═════ Available data ═════

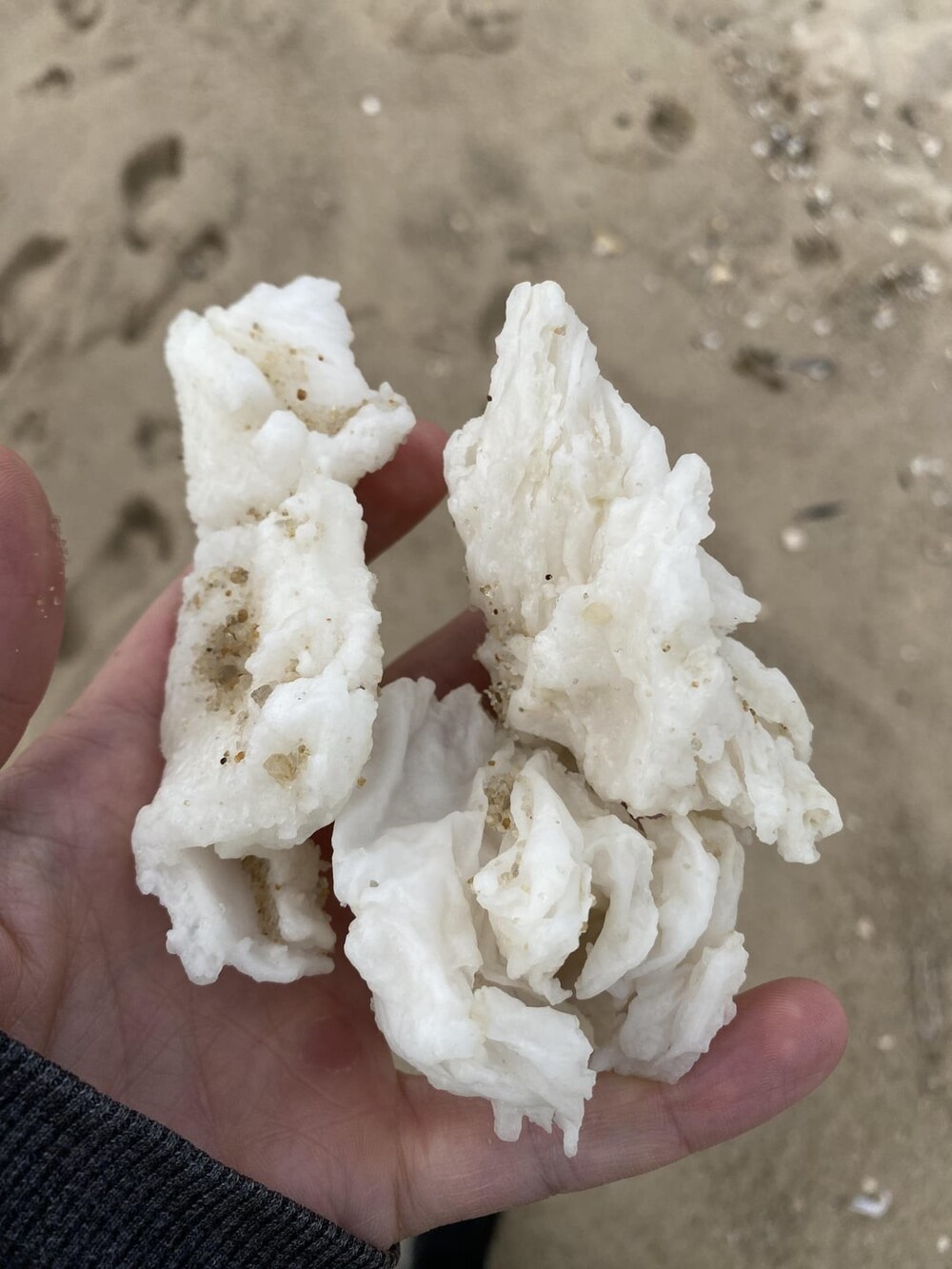3. Белое твердое вещество, выброшенное на берег на пляже
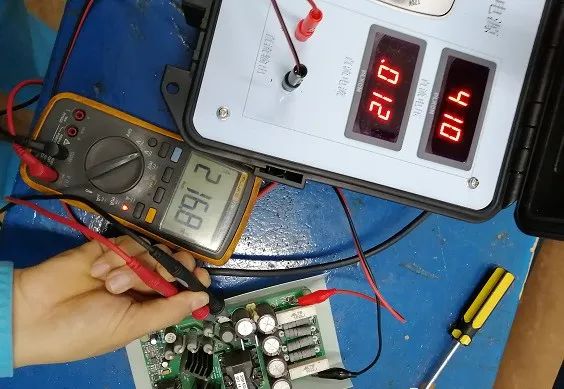 接頭來(lái)連接電源,正負(fù)極線柱之間的距離較小,帶壓測(cè)量時(shí)很容易短路,測(cè)量時(shí)盡量使用帶鱷魚線夾的表筆,加壓前先把表筆夾好,推薦采用下圖測(cè)量方式。
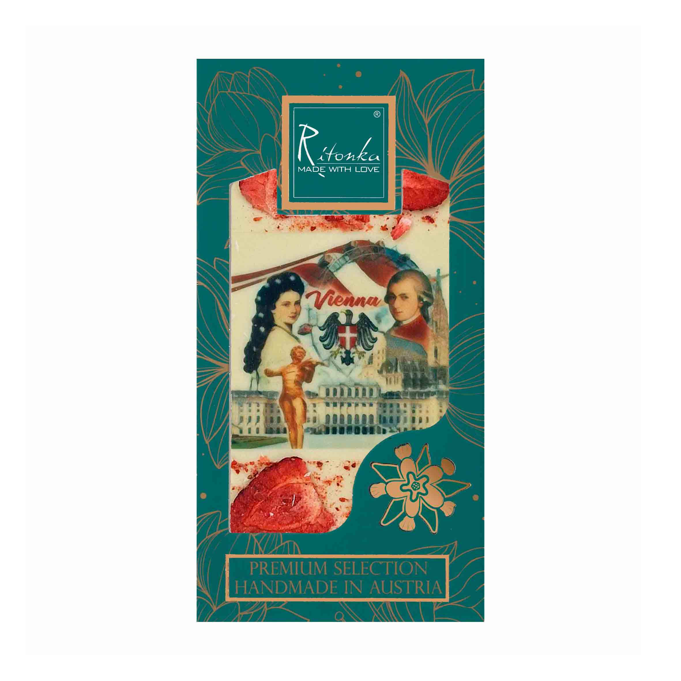 Genießen Sie königlichen Genuss mit unserer Premium Weißen Schokolade „Erdbeere Sisi“. Cremige, zartschmelzende weiße Schokolade verbindet sich meisterhaft mit dem fruchtigen Aroma gefriergetrockneter Erdbeeren. Inspiriert von der legendären Kaiserin Sisi, vereint diese verführerische Kreation feinste Zutaten mit einem Hauch Wiener Noblesse. Ein wahrhaft königlicher Genuss für alle Sinne!
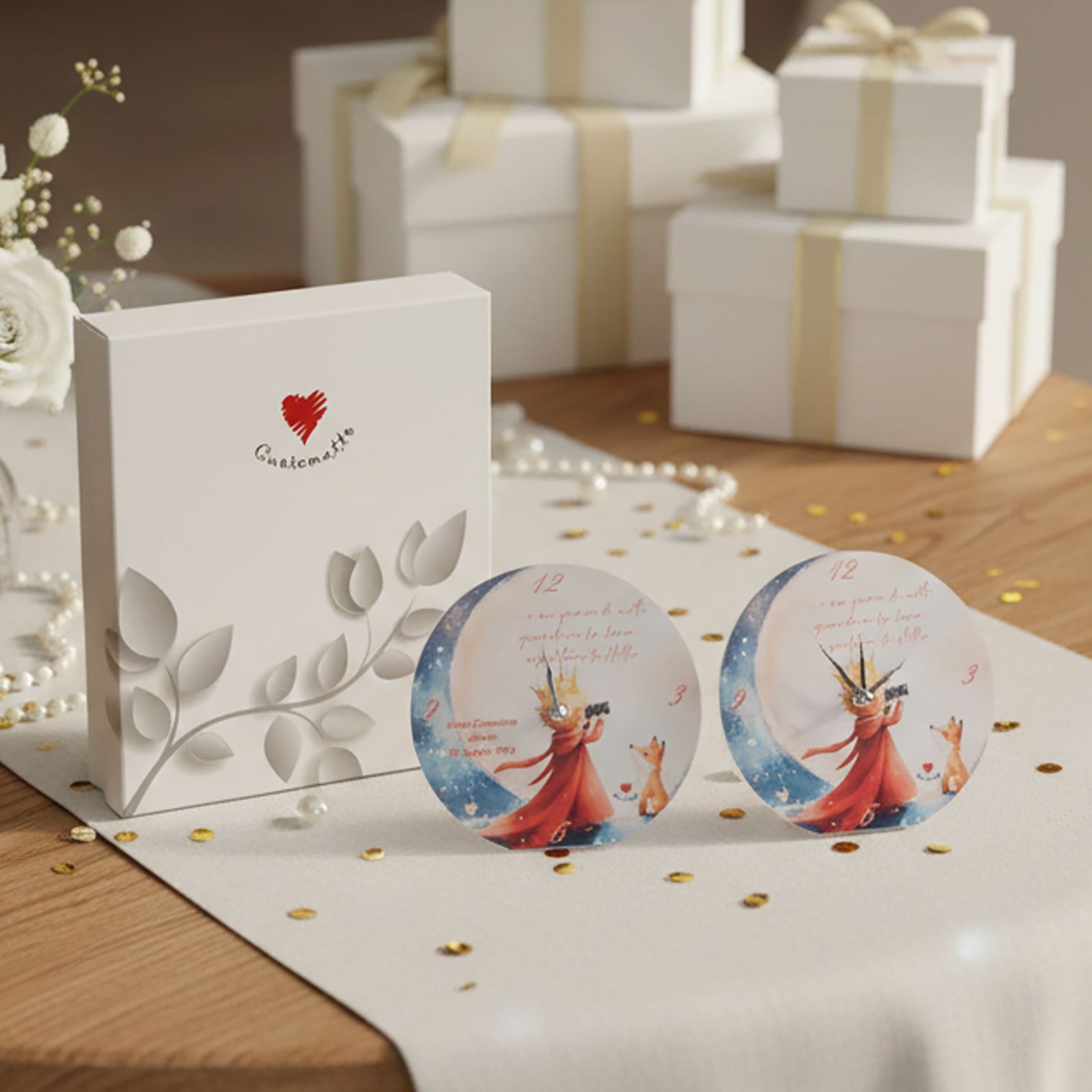 Ogni dettaglio racconta una storia di crescita, purezza e legami autentici: donare una bomboniera a tema favola significa lasciare agli ospiti un messaggio di meraviglia e affetto che dura nel tempo. L’orologio è personalizzabile per rendere ogni evento davvero unico, con un acquisto minimo di 10 pezzi, trasformando la tua celebrazione in un ricordo speciale condiviso con chi ami.
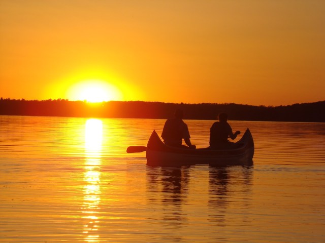 Josh and Frank canoeing off into the sunset. It was an awesome evening on the lake. Loons, a pair of herons, ducks, the soothing blues of the water, and the setting sun. Lovely intermission.
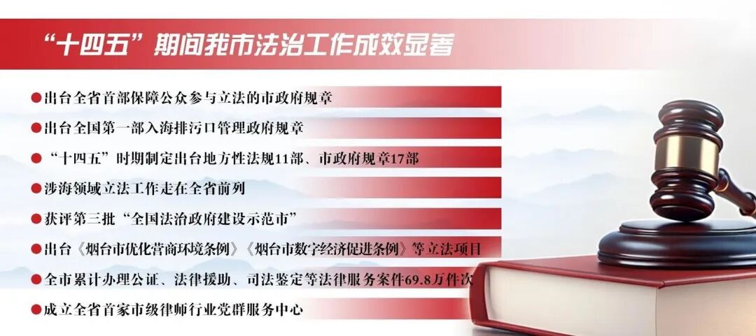 高质量推进地方立法,出台全省首部保障公众参与立法的市政府规章、全国第一部入海排污口管理政府规章,构建具有烟台特色的“海、岛、山、水、林、城”法规规章体系,“十四五”时期制定出台地方性法规11部、市政府规章17部,涉海领域立法工作走在全省前列。
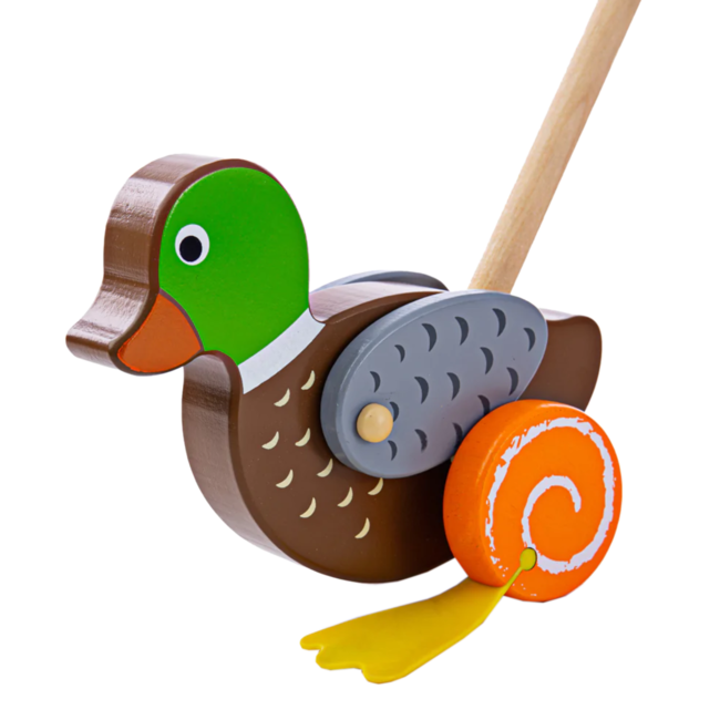 Deze vrolijke houten duwstok in de vorm van een eend maakt lopen nog leuker voor nieuwsgierige peuters. Terwijl je kindje hem voortduwt, flapperen de pootjes vrolijk over de vloer! Lees meer.
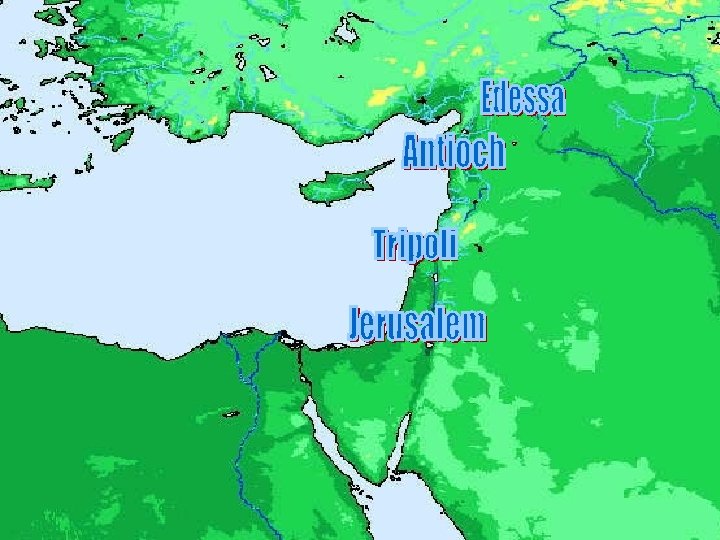 Began in 1096 • Baron’s Crusade – Siege of Antioch • Departure of Byzantines • Peter Bartholomew & Holy Lance – Siege of Jerusalem • Vision of Peter Desidarius • Kingdoms of Jerusalem, Tripoli, Antioch, & Edessa
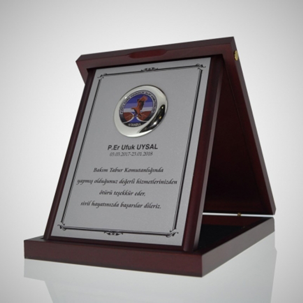 Bu plaketler genellikle yüksek kaliteli ahşap malzemelerinden yapılmış olup, özel olarak tasarlanabilir ve kişiselleştirilebilir. Genellikle birim amblemleri, askeri semboller, alıntılar veya kişisel mesajlar gibi özel detaylar içerebilirler. Ahşap plaketlerin göze çarpan ve dayanıklı yapısı, askeri birimlerde uzun ömürlü bir hatıra olarak saklanmalarını sağlar.
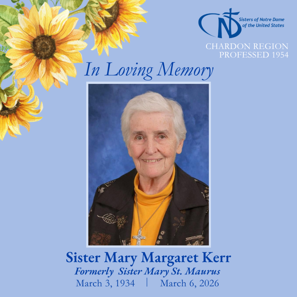 Margaret was the youngest of the six children born to Maurice and Edith (Ford) Kerr on March 3, 1934, in Cleveland. She joined her siblings in their Cleveland Heights home in St. Ann Parish, where the children attended school and received the sacraments. Margy was playful, full of energy, delighted in learning and participating in any sport. While a student at Notre Dame Academy in Cleveland, she realized that becoming an aspirant would help her move into religious life faster. Margy entered the community as a postulant on February 2, 1952. At investment, she received the name Sister Mary St. Maurus.
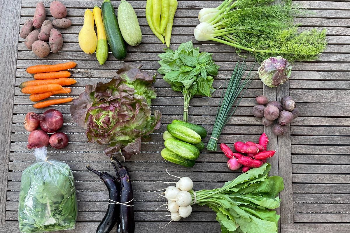 Includes your choice of a variety of salad and cooking greens, root veggies, herbs, and seasonal favorites harvested fresh. Choose the size: Small (6 items per week) for 1-2 people or Full (9 items per week) for 2-4 people. You may purchase multiple if you need more food.
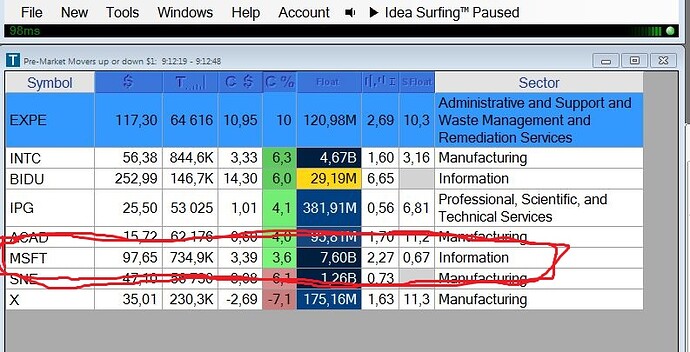 kõigepealt leidsin MSFT trade-ideas scannneri abil tund enne turu avanemist kui ta oli suure käibega 3,6% plussis eelturul:
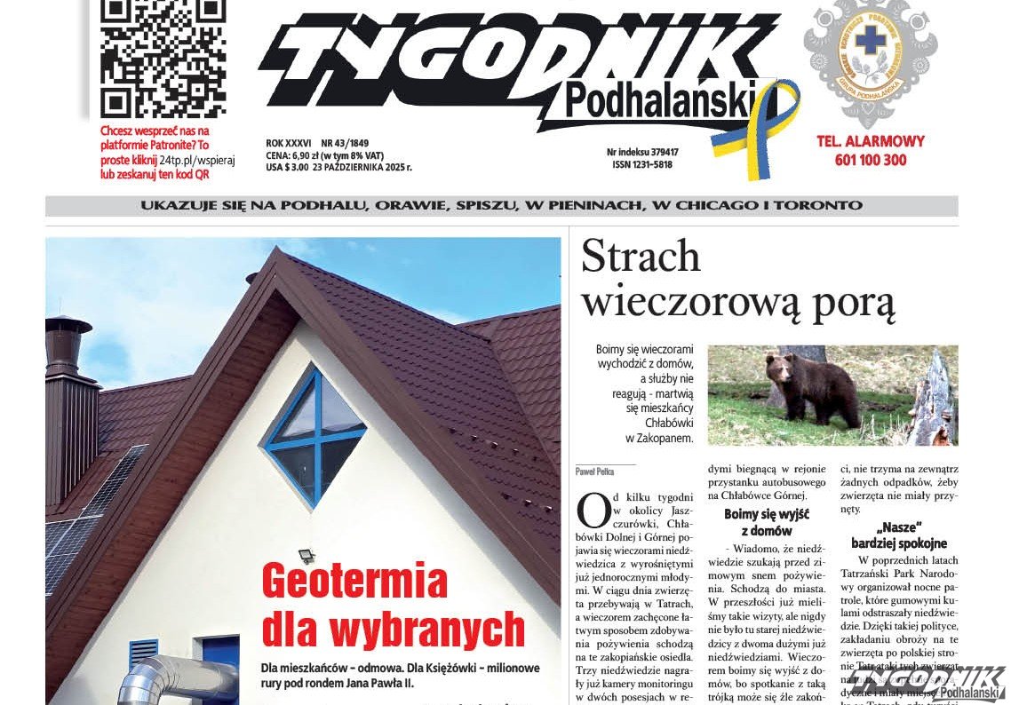 W papierowym wydaniu TP piszemy o geotermalnych inwestycjach w Zakopanem: Dla mieszkańców - odmowa. Dla Księżówki - milionowe rury pod rondem Jana Pawła II.
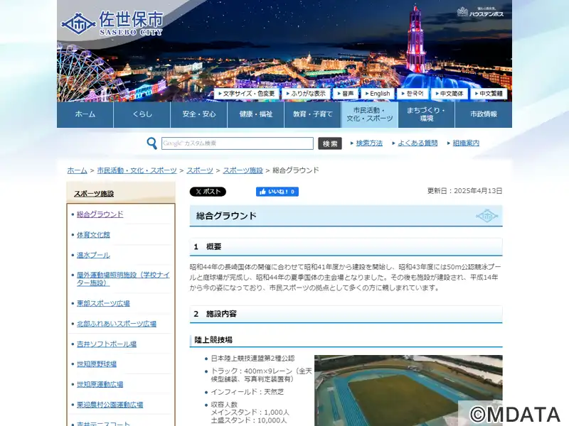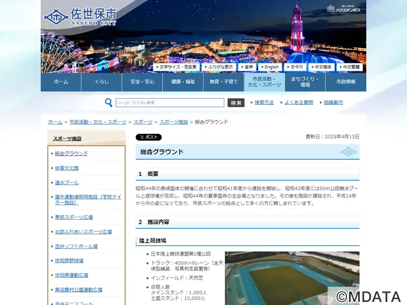 | 名称 | 佐世保市総合グラウンド陸上競技場 |
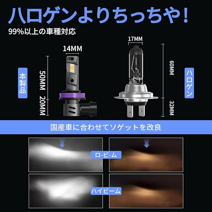 【純正1:1 ポン付け簡単取付】 このh11 LEDライトは、純正ハロゲンバルブと完全同一の1:1サイズ設計。DC9−32V車両に適用したもので。複雑な配線や車体改造は一切不要。無極性設計でプラグを差し込むだけの簡単ポン付け。誰でも短時間で純正交換が完了します。
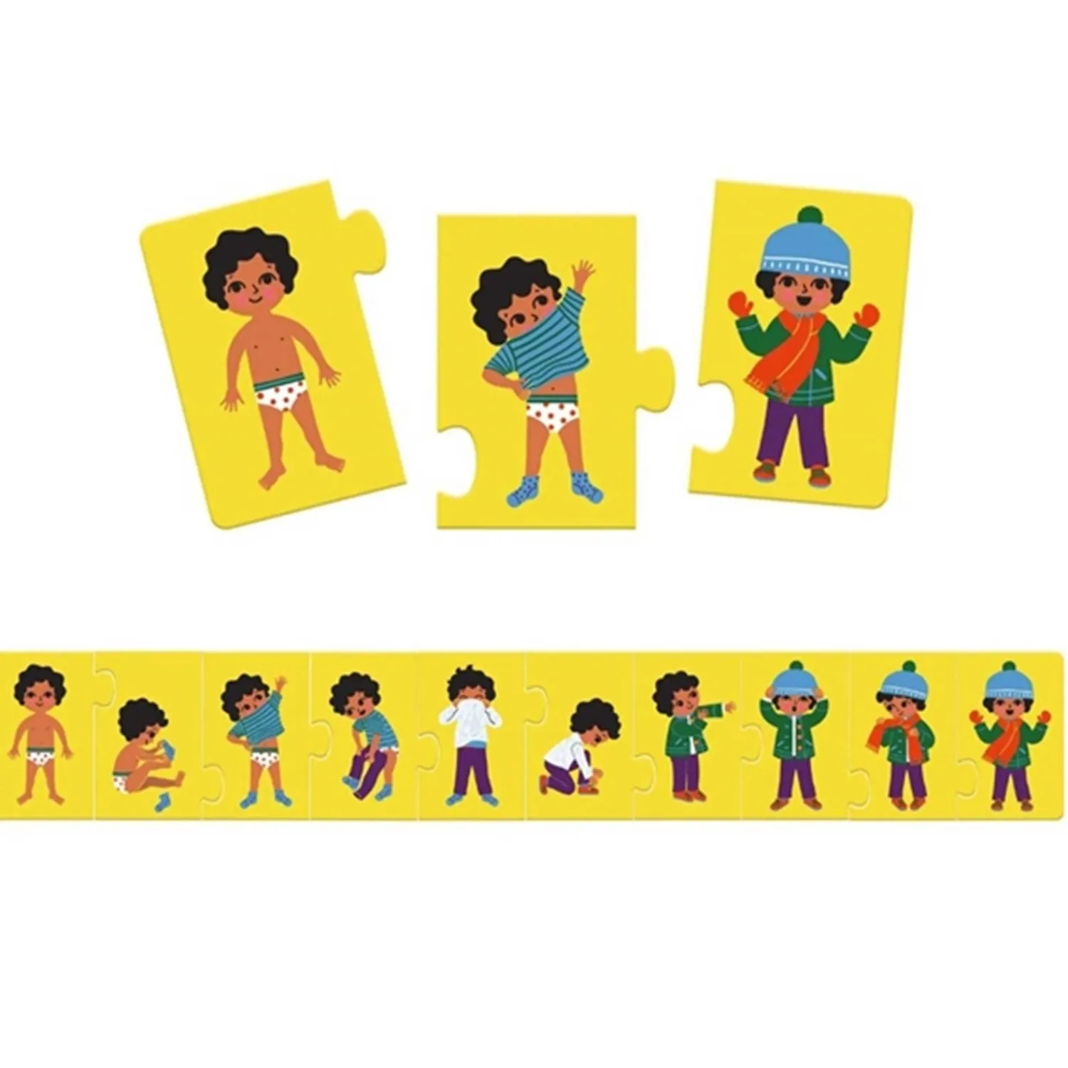 Oplev en sjov og lærerig aktivitet med Djeco Lærespil Jeg Klæder Mig På. Dette søde lærespil har charmerende illustrationer, der guider børn gennem påklædningsprocessen. Med 10 brikker og dimensioner på 70 x 11 cm er dette spil perfekt til børn fra 3 år.
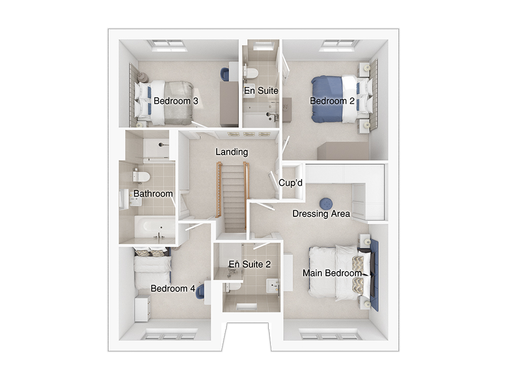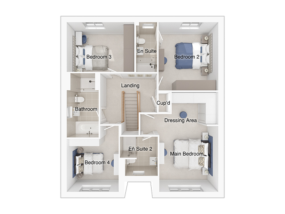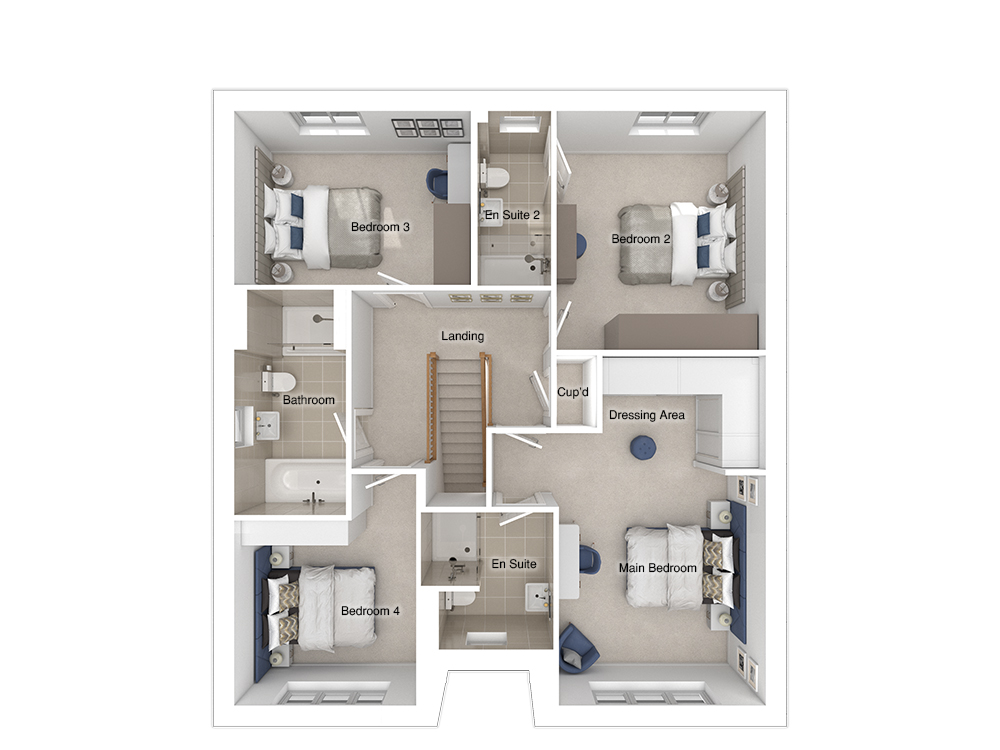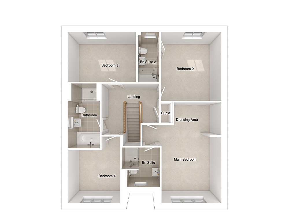 All four of the bedrooms are double, providing ample space and comfort. The home includes two spacious en-suites and a main bathroom featuring a stylish double-ended bath and a separate shower enclosure. The main bedroom is particularly impressive, with a wing wall that creates an ideal dressing area for a touch of luxury. The landing is highlighted by a feature staircase, adding elegance and character to the space.

═════

_Task objective_
In the listing above, find the line containing "高质量推进地方立法,出台全省" and the line containing "Margaret was the", then output those two lines and everything between them exactly as written, without the images.

_Result of the task_
 高质量推进地方立法,出台全省首部保障公众参与立法的市政府规章、全国第一部入海排污口管理政府规章,构建具有烟台特色的“海、岛、山、水、林、城”法规规章体系,“十四五”时期制定出台地方性法规11部、市政府规章17部,涉海领域立法工作走在全省前列。
 Deze vrolijke houten duwstok in de vorm van een eend maakt lopen nog leuker voor nieuwsgierige peuters. Terwijl je kindje hem voortduwt, flapperen de pootjes vrolijk over de vloer! Lees meer.
 Began in 1096 • Baron’s Crusade – Siege of Antioch • Departure of Byzantines • Peter Bartholomew & Holy Lance – Siege of Jerusalem • Vision of Peter Desidarius • Kingdoms of Jerusalem, Tripoli, Antioch, & Edessa
 Bu plaketler genellikle yüksek kaliteli ahşap malzemelerinden yapılmış olup, özel olarak tasarlanabilir ve kişiselleştirilebilir. Genellikle birim amblemleri, askeri semboller, alıntılar veya kişisel mesajlar gibi özel detaylar içerebilirler. Ahşap plaketlerin göze çarpan ve dayanıklı yapısı, askeri birimlerde uzun ömürlü bir hatıra olarak saklanmalarını sağlar.
 Margaret was the youngest of the six children born to Maurice and Edith (Ford) Kerr on March 3, 1934, in Cleveland. She joined her siblings in their Cleveland Heights home in St. Ann Parish, where the children attended school and received the sacraments. Margy was playful, full of energy, delighted in learning and participating in any sport. While a student at Notre Dame Academy in Cleveland, she realized that becoming an aspirant would help her move into religious life faster. Margy entered the community as a postulant on February 2, 1952. At investment, she received the name Sister Mary St. Maurus.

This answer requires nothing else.